Gateway API: Envoy External Auth with oauth2-proxy per team (Azure AD OIDC)
Introduction
This document describes how to protect multiple AKS-hosted applications using Envoy as a Gateway API implementation with external authentication and a per-team oauth2-proxy instance backed by Azure AD (OIDC).
The typical use case for this setup is multiple teams running applications in the same AKS cluster, with each team using its own oauth2-proxy instance to handle authentication and session management while Envoy handles routing and external authentication. If you're deciding between this setup and a single oauth2-proxy instance for the whole cluster, consider the following:
- Multiple applications are accessed by the same team.
- You want to save resources by sharing a single oauth2-proxy instance among multiple applications.
- It is impractical to create separate Entra ID app registrations for every application.

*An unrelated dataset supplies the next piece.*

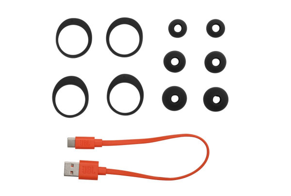Wraz ze słuchawkami JBL Live Free NC+ TWS otrzymujemy końcówki douszne w 3 rozmiarach i nakładki żelowe w 2 rozmiarach.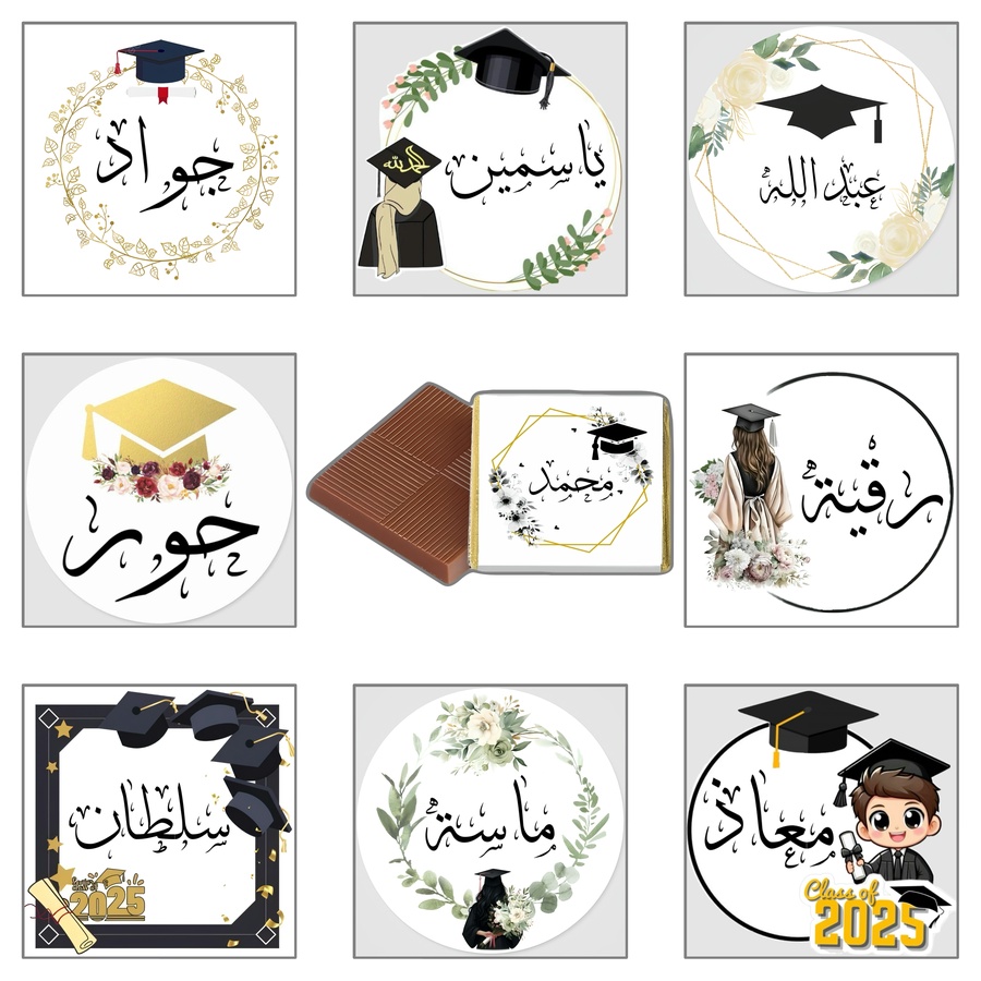 أضف لمسة فخمة على توزيعات النجاح أو التخرج مع ملصقات الشوكولاتة المخصصة التي تجعل لحظة الفرح أكثر تميزًا وأناقة 🌟

In the example below we protect two monitoring applications, alertmanager and prometheus, using a single oauth2-proxy instance. Access to these applications is restricted to members of specific Entra ID groups.
Prerequisites
This guide assumes you already have an AKS cluster running and the Envoy proxy Gateway API implementation installed. If not, see the previous guide Envoy proxy as a Gateway API implementation in Azure Kubernetes Service (AKS).
You also need an Entra ID (Azure AD) tenant and the ability to register applications. Ensure your Enterprise Applications are configured with callback URLs for all oauth2-proxy instances.
Finally, Helm must be installed and configured to work with your AKS cluster.
Graphical Overview
sequenceDiagram
autonumber
participant User
participant Envoy Gateway
participant alertmanager-team-a
participant service-alertmanager-team-a
participant monitoring-oauth2-proxy-team-a
participant EntraId
User ->> Envoy Gateway: Access Application
Envoy Gateway-->> alertmanager-team-a: Match HTTPRoute
critical Check Access
alertmanager-team-a ->> monitoring-oauth2-proxy-team-a: Check Access
option Unautheticated
monitoring-oauth2-proxy-team-a -->> EntraId: Authenticate
EntraId ->> User: Credentials Request
User ->> EntraId: Credentials
EntraId ->> monitoring-oauth2-proxy-team-a: Redirecting to callback URL
monitoring-oauth2-proxy-team-a -->> User: Set Cookie and redirect to [alertmanager-team-a]
option Authenticated
monitoring-oauth2-proxy-team-a ->> alertmanager-team-a: OK
alertmanager-team-a ->> service-alertmanager-team-a: Request
service-alertmanager-team-a ->> alertmanager-team-a: Response
alertmanager-team-a ->> User: Response
end
The above diagram shows the simplified flow of authentication and access to the alertmanager application. The detailed OAuth2 flow is omitted for brevity. In the diagram is omitted the flow when OAuth2 Proxy page is shown and the passthrough HTTPRoute is used.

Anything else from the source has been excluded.